6. Limitations and Trade-offs¶
- Assumptions and data dependencies (Appendix G; §3.1)
- Depth tokens rely on a specialist depth estimator and VQ‑VAE codebook learned from specific data (tabletop‑heavy). Transfer to markedly different camera setups or scenes might degrade without re‑distillation.
- Visual traces come from gripper pointing via a VLM; accuracy depends on clear visibility. Occlusions or unusual embodiments may hurt trace quality (Limitations: “Camera Occlusion of End‑effector”).
- Steerability is 2D (§G)
- User sketches are in image space; without explicit 3D lifting, the controller may follow the correct in‑plane path but drift along depth (out‑of‑plane). The paper suggests conditioning on predicted depth tokens to “lift” traces into 3D as future work.
- Control frequency and latency (§G)
- Predicting depth/trace/action tokens adds latency; real robots may need higher control rates. The paper notes a mismatch between model inference and data collection frequency, suggesting model optimization or edge deployment as future directions.
- Resolution of depth tokens (§G)
- Depth is compressed into 100 tokens per image; very fine manipulation might need more tokens or higher‑resolution depth encodings.
- Training and compute
- Although efficient relative to some baselines, the full pipeline still uses substantial GPU hours and curated data generation (e.g., the 26.3M-sample pre‑training mixture; §4.1). High‑quality post‑training demos (30–50 per task) are still required for new tasks (§4.3).
7. Implications and Future Directions¶
- How this changes the landscape
- Establishes “reasoning in space” as a practical, scalable alternative to text‑only CoT for robotics. By making intermediate perceptions and plans explicit and decodable, it improves interpretability, controllability, and generalization (Figure 1; Eq. 4–5).
- Demonstrates that explicit spatial reasoning can reduce brittleness to visual shifts (Table 1) and improve long‑horizon performance (Table 2).
- Next research steps enabled or suggested
- Lift 2D traces into 3D using the predicted depth tokens, enabling richer test‑time steering and safer manipulation in clutter (Appendix G).
- Learn higher‑fidelity or adaptive depth tokenizations (beyond fixed 100 tokens) for precision tasks.

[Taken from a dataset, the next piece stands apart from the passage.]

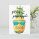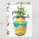 A todos les encanta una fiesta, especialmente una fiesta de Verano. Sorprenda a sus invitados con este caprichoso diseño tropical con una piña con gafas de fiesta para una invitación verdaderamente divertida y juguetona. La parte posterior presenta exuberantes hojas verdes que se ajustan al tema tropical.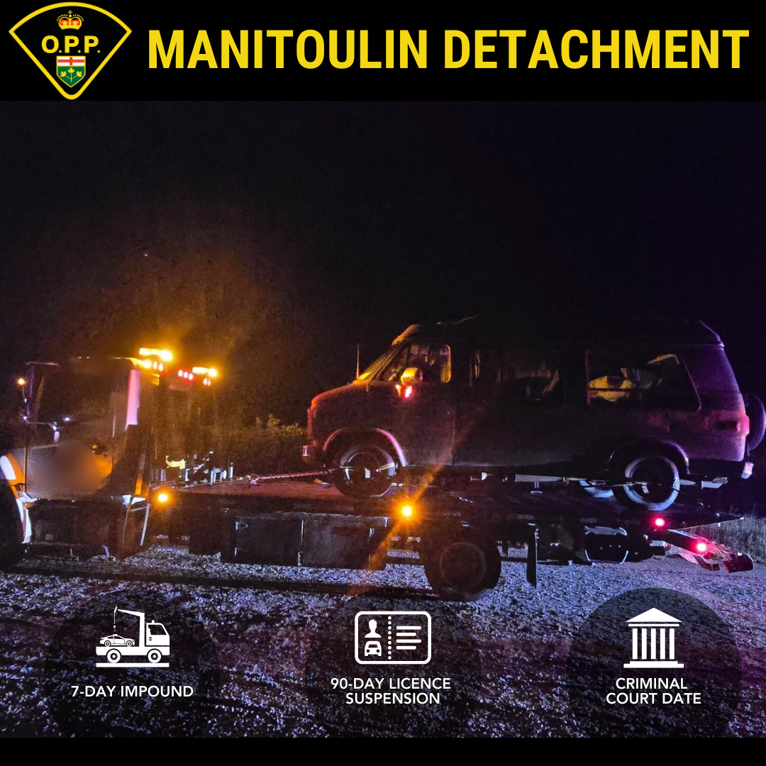 (ESPANOLA, ON) – One person has been charged with refusal after police received a traffic complaint. On Wednesday, September 3, 2025, at approximately 11:00 p.m., the Manitoulin Detachment of the Ontario Provincial Police (OPP) received a traffic complaint reporting a possible … Continue reading

- Close the control‑rate gap with efficient, smaller ARMs or specialized accelerators; explore low‑latency on‑robot inference.
- Extend to mobile manipulation and multi‑robot coordination by composing traces across views and agents; integrate proprioception when useful.
- Formalize safety constraints and user intent alignment using editable traces and depth tokens as verifiable interfaces.
- Practical applications
- Home assistance (dishwashing, wiping, table setting; Figures 4–5), warehouses (pick‑place with OOD robustness), and teleoperation with human‑in‑the‑loop corrections by sketch.
- Education and debugging: instructors can visualize the model’s plan and correct it without rewriting code or crafting fragile prompts.
Bottom line: Sections 2.2–2.4 and Figure 1 define a clear three‑stage spatial reasoning pipeline; Sections 3–4 detail how to label, train, and adapt it; Tables 1–2 and Figures 5–9 show that this structure yields state‑of‑the‑art results, strong robustness, and a practical, precise steering interface. The open release (models, code, and datasets) provides a reproducible blueprint for building ARMs that transform perception into purposeful action.